Now, this data is not really very useful in its raw form. So I "process" it via a view:

                          View "jobrun.rundata"
 Column  |           Type           |
---------+--------------------------+
 lpar    | character(4)             |
 msgid   | character(7)             |
 jobname | character(8)             |
 jobid   | character(8)             |
 msgtime | timestamp with time zone |
View definition:
 SELECT rawdata.lpar,
    rawdata.msgid,
    rawdata.jobname,
    rawdata.jobid,
    to_timestamp((rawdata.yyddd::text || ' '::text) || rawdata.timedata::text, 'YYDDD HH24:MI:SS.MS'::text) AS msgtime
   FROM rawdata;

My question is this: If I do a number of SELECTs on the "rundata" table. So, would it be worth while to make this a table in itself? The plus of a view is that I don't need to worry about updates. And I still have the "raw" data around. In reality, this is just the first VIEW. I create three other views. Two views are to "subset" the data based on the contents of the "msgid" value (there are only 2 possibilities at present: 'START' and 'END'). The final view, which is my actual information is a FULL OUTER JOIN of the START and END subset, based on lpar,jobname, and jobid:

                          View "jobrun.runinfo"
  Column  |           Type           |
----------+--------------------------+
 lpar     | character(4)             |
 jobname  | character(8)             |
 jobid    | character(8)             |
 runstart | timestamp with time zone |
 runend   | timestamp with time zone |
View definition:
 SELECT COALESCE(a.lpar, b.lpar) AS lpar,
    COALESCE(a.jobname, b.jobname) AS jobname,
    COALESCE(a.jobid, b.jobid) AS jobid,
    a.msgtime AS runstart,
    b.msgtime AS runend
   FROM runstart a
   FULL JOIN runend b ON a.lpar = b.lpar AND a.jobname = b.jobname AND a.jobid = b.jobid;

So the overhead may be quite high, because to SELECT from RUNINFO, PostgreSQL must realize all four views.

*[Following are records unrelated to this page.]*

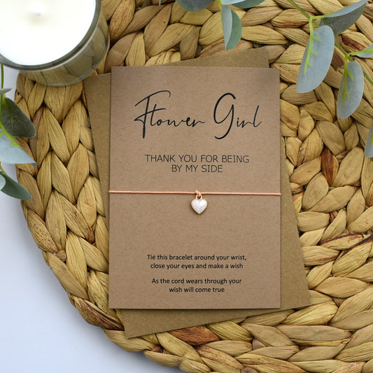 Rustic Thank You For Being By My Side Wish Bracelet - Flower Girl - Heart Charm
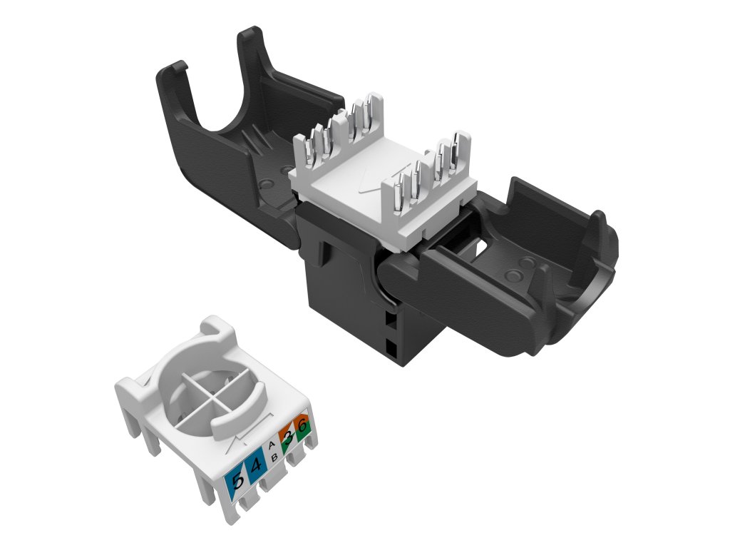 Samořezné keystony Solarix se vyznačují velmi jednoduchou instalací, ke které není nutné použít zařezávací nástroj. Tyto keystony bez problémů splňují parametry specifikované v mezinárodních standardech strukturované kabeláže ANSI/TIA 568, ISO/IEC 11801 a EN 50173 pro kategorii 6 a třídu vedení Class E, včetně všech nejnovějších dodatků. Keystony jsou osazeny 180° samořeznou svorkovnicí, která je označena barevným schématem podle typu zapojení, a to buď podle standardu T568A, nebo T568B. Do této svorkovnice je možné zařezat kabely typů drát s vodiči o velikosti AWG 26 – 22. Standardní barva nestíněných samořezných keystonů Solarix je černá, u stíněné verze je tělo modulu opatřeno stříbrnou kovovou částí. Díky svým kompaktním rozměrům jsou tyto samořezné keystony kompatibilní s modulárními zásuvkami většiny výrobců (např. ABB, Schneider, Legrand, Moeller, Hager, Obzor atd.). Tuto kompatibilitu si můžete ověřit v tabulce kompatibility, která se nachází v záložce ''Odkazy''. Splnění výkonových parametrů keystonů Solarix SXKJ-6-UTP-BK-SA bylo potvrzeno nezávislou zkušební laboratoří FORCE TECHNOLOGY. Keystony od této testovací autority obdržely certifikát na úrovni Component Level. Testy proběhly včetně ověření kompatibility s čtyřpárovým PoE (podle IEC 60512-99-002) - tzv. 4PPoE/PoE++. Certifikát je k dispozici v záložce ''Odkazy'' nebo přímo na stránkách laboratoře FORCE. Technické parametry Kategorie: CAT6 Podporované protokoly: 2.5G/5GBASE-T a nižší Stínění: ne Min. životnost portu: 1 000 zapojení/odpojení Krytí kontaktů: 50 µ zlata a 100 µ niklu Svorkovnice: samozářezová Min. životnost svorkovnice: 200 zařezání Velikost a typ vodiče: AWG 26 - 22, drát Materiál nekovových částí: FR plast podle UL94-0 Barva: černá Skladovací teplota: -40 až 70 °C Provozní teplota: -10 až 60 °C Max. provozní vlhkost: 93 % Balení: 1 ks, plastový sáček Rozměry balení (výška x šířka x hloubka): 145 mm x 90 mm x 20 mm Přepravní balení: 280 ks, kartónový box Rozměry přepravního balení (výška x šířka x hloubka): 230 mm x 515 mm x 400 mm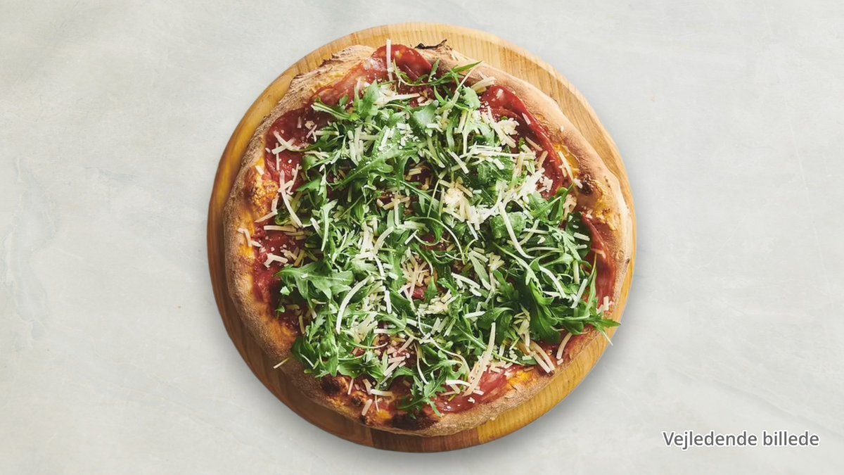 Tomatsauce, ost, mascarpone, spinat, napolitansk salami, rucola, parmesanost, pesto og oregano.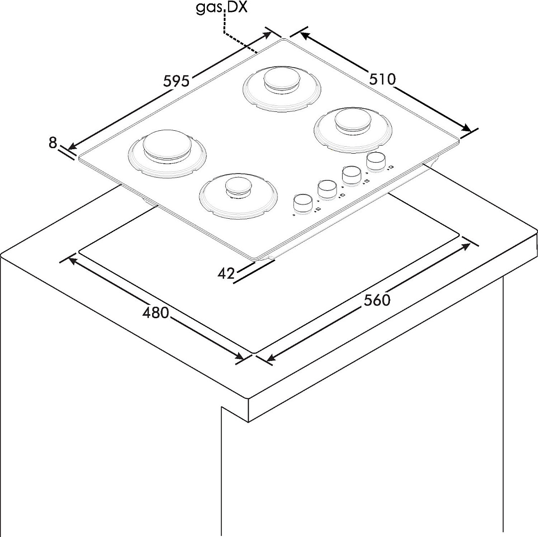 Dimensões necessárias para o encastre LxP: 56×48 cm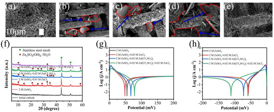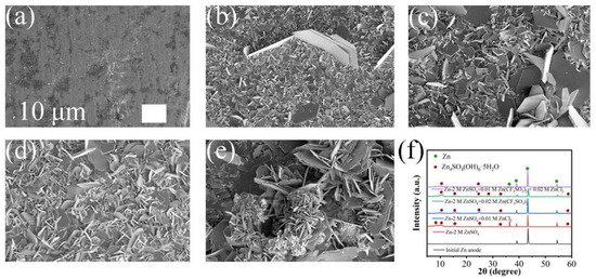 (a) Zinc foil; (b) Zinc anode in ZnSO4 electrolyte; (c) Zinc anode in ZnSO4 + ZnCl2 electrolyte; (d) Zinc anode in ZnSO4 + Zn(CF3SO3)2 electrolyte; (e) Zinc anode in ZnSO4 + Zn(CF3SO3)2 + ZnCl2 electrolyte; (f) XRD patterns of five zinc anodes.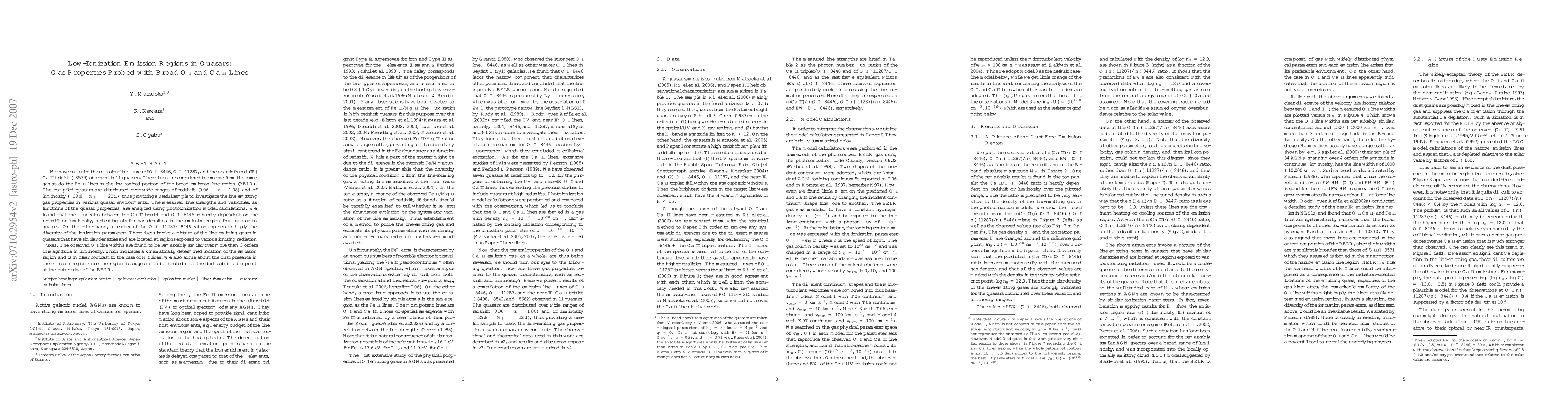 This study investigates the gas properties in low-ionization emission regions of quasars using O I and Ca II lines, finding similar gas densities across quasars but diverse ionization parameters. The observed line widths suggest a uniform kinematic location for the emission region, contrasting with H I lines.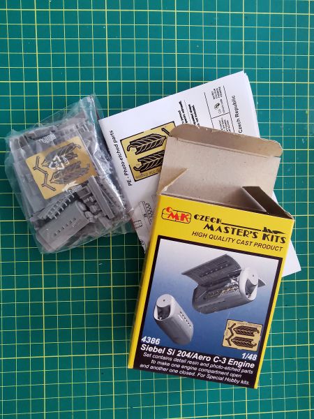 Można teraz przedstawić „dobra luksusowe” czyli żywiczne dodatki do waloryzacji modelu. Zacznę odbogatego zestawu oferowanego przez CMK. Nosi on nazwę „Siebel Si 204/Aero C-3 Engine”. Czyli po prostu silniki.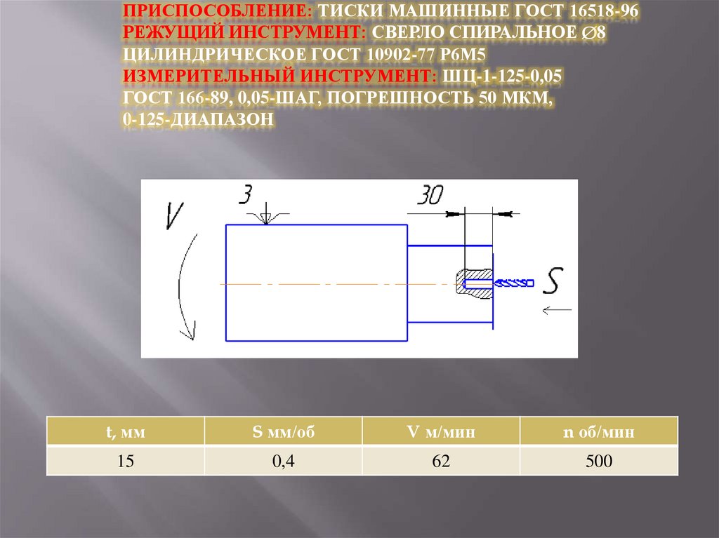 ПРИСПОСОБЛЕНИЕ: ТИСКИ МАШИННЫЕ ГОСТ 16518-96РЕЖУЩИЙ ИНСТРУМЕНТ: СВЕРЛО СПИРАЛЬНОЕ Ø8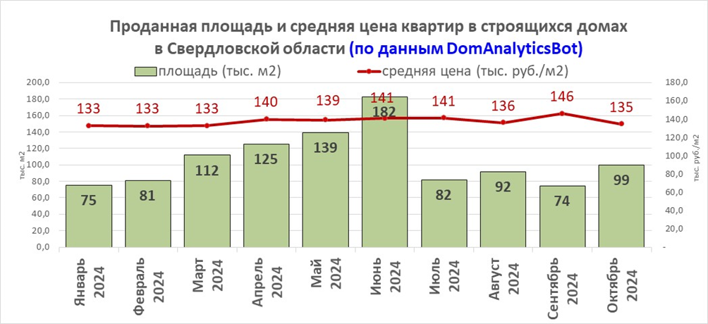В Свердловской области за октябрь продали на 34% больше жилой площади, чем в сентябре, но по-прежнему на 45,5% ниже пикового значения июня. Средняя цена за октябрь снизилась на 7,8%. Снижение цены объясняется существенной долей - 25,6% (доля сделок по ценам ниже рынка) сделок с крупными инвесторами или связанными с застройщиками компаниями.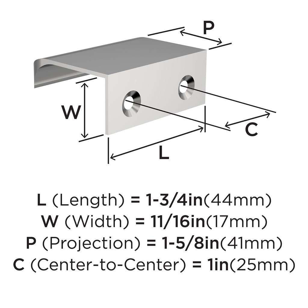 - Center to Center: 1 in (25mm), Length: 1-3/4 in (44mm), Width: 11/16 inch, Projection: 1-5/8 inch

I appreciate your thoughts on if this is OK, given that performance is currently acceptable. Mainly because this work is basically only done one a week, on Sundays. And I don't do it myself, it is done via a scheduler (not cron, but similar) which runs some scripts.

--
There is nothing more pleasant than traveling and meeting new people!
Genghis Khan

Maranatha! <><
John McKown

Re: Design ? table vs. view?

From
David G Johnston
Date:
John McKown wrote
> I have a table which has some "raw" data in it. By "raw", I mean it is
> minimally processed from a log file. Every week, I update this table by
> processing the weekly log using awk to create a "psql script" file which
> looks similar to:
>
> COPY rawdata FROM STDIN;
> .... lines created by awk script
> \.
>
> The table schema is:
>         Table "jobrun.rawdata"
>   Column  |     Type      |
> ----------+---------------+
>  lpar     | character(4)  |
>  yyddd    | character(5)  |
>  timedata | character(11) |
>  jobid    | character(8)  |
>  msgid    | character(7)  |
>  jobname  | character(8)  |
>
> Now, this data is not really very useful in its raw form. So I "process"
> it
> via a view:
>
>                           View "jobrun.rundata"
>  Column  |           Type           |
> ---------+--------------------------+
>  lpar    | character(4)             |
>  msgid   | character(7)             |
>  jobname | character(8)             |
>  jobid   | character(8)             |
>  msgtime | timestamp with time zone |
> View definition:
>  SELECT rawdata.lpar,
>     rawdata.msgid,
>     rawdata.jobname,
>     rawdata.jobid,
>     to_timestamp((rawdata.yyddd::text || ' '::text) ||
> rawdata.timedata::text, 'YYDDD HH24:MI:SS.MS'::text) AS msgtime
>    FROM rawdata;
>
> My question is this: If I do a number of SELECTs on the "rundata" table.
> So, would it be worth while to make this a table in itself? The plus of a
> view is that I don't need to worry about updates. And I still have the
> "raw" data around. In reality, this is just the first VIEW. I create three
> other views. Two views are to "subset" the data based on the contents of
> the "msgid" value (there are only 2 possibilities at present: 'START' and
> 'END'). The final view, which is my actual information is a FULL OUTER
> JOIN
> of the START and END subset, based on lpar,jobname, and jobid:
>
>                           View "jobrun.runinfo"
>   Column  |           Type           |
> ----------+--------------------------+
>  lpar     | character(4)             |
>  jobname  | character(8)             |
>  jobid    | character(8)             |
>  runstart | timestamp with time zone |
>  runend   | timestamp with time zone |
> View definition:
>  SELECT COALESCE(a.lpar, b.lpar) AS lpar,
>     COALESCE(a.jobname, b.jobname) AS jobname,
>     COALESCE(a.jobid, b.jobid) AS jobid,
>     a.msgtime AS runstart,
>     b.msgtime AS runend
>    FROM runstart a
>    FULL JOIN runend b ON a.lpar = b.lpar AND a.jobname = b.jobname AND
> a.jobid = b.jobid;
>
> So the overhead may be quite high, because to SELECT from RUNINFO,
> PostgreSQL must realize all four views.
>
> I appreciate your thoughts on if this is OK, given that performance is
> currently acceptable. Mainly because this work is basically only done one
> a
> week, on Sundays. And I don't do it myself, it is done via a scheduler
> (not
> cron, but similar) which runs some scripts.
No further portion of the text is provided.